Ночью Никсу мучила бессонница. Море шумело так сильно… Странно, что он никогда не слышал, как сильно, грозно и мучительно, оказывается, шумит море около виллы «Дисбах». Если в этом море живут русалки, то они не поют, а ревмя ревут. Он не хотел думать о русалках! Книжку Андерсена зашвырнул под кровать. И послал записку мамá о том, что хотел бы переехать к ней на виллу «Бермон».

Когда собирали вещи, Костин, камердинер Никсы, нашел книжку, покачал головой и упаковал вместе с самыми необходимыми вещами, которые решили отправить на виллу.

Устроившись в новой спальне, Никса с измученным выражением лица прикрыл глаза. Мое шумело и здесь. И еще громче, чем на вилле «Дисбах»!

– Тут гораздо тише, шум не будет беспокоить моего мальчика, – донесся до него голос мамá, и Никса прикусил губу от боли. Море шумело, шумело в его голове…

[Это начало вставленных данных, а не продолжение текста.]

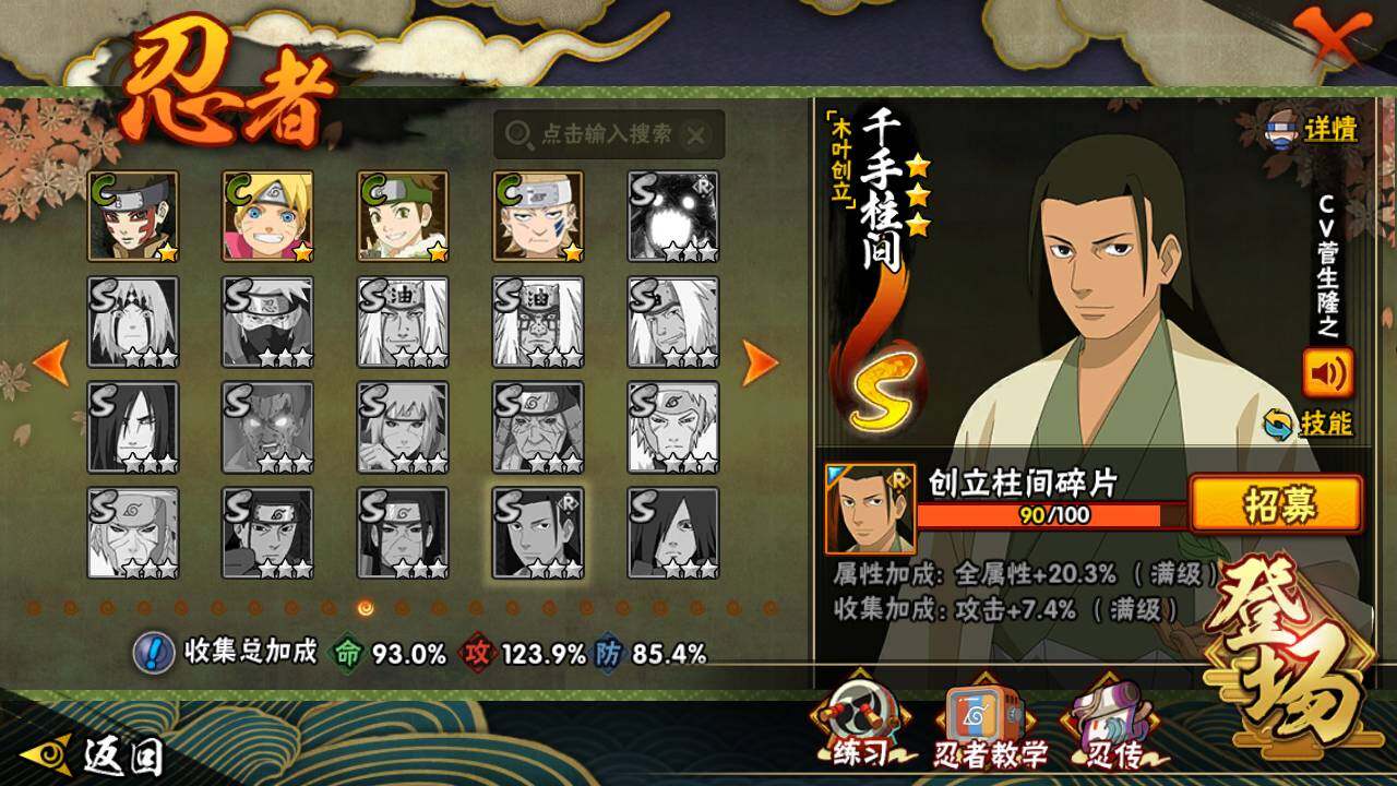 V9 1403万战力 18S-39A 创立柱间90片 止水70片 白面具52片

C этого времени его состояние начало непрерывно ухудшаться.


– Дитя мое…

Королева Луиза вдруг замолчала и беспомощно оглянулась на мужа.

Он коснулся ее руки, пытаясь ободрить, но его лицо было таким же мрачным, как лицо жены.

Минни удивленно смотрела на родителей.

Что случилось? Последнее время ее мучили тяжкие предчувствия. От Никсы давно не было вестей. Ни одного письма. Почему? Что случилось? Она знала, что он на юге Франции, лечится. Не может писать? Не хочет? Или…

Мысль, что Никса может забыть ее, даже не приходила в голову. Их встреча была прекрасна, они полюбили друг друга так сильно, так нежно… и они были предназначены друг для друга в самом высоком смысле этого слова, как дети царствующих семей. Никса не мог забыть ее… и как возлюбленный, и как человек. Осознающий свой особенный долг: долг перед страной, вернее, перед двумя странами – ее и своей.

Но почему, о господи, почему такая печаль на лице матушки? Почему так мрачен отец?

– Дитя мое, – снова начала королева Луиза, но не сумела продолжить.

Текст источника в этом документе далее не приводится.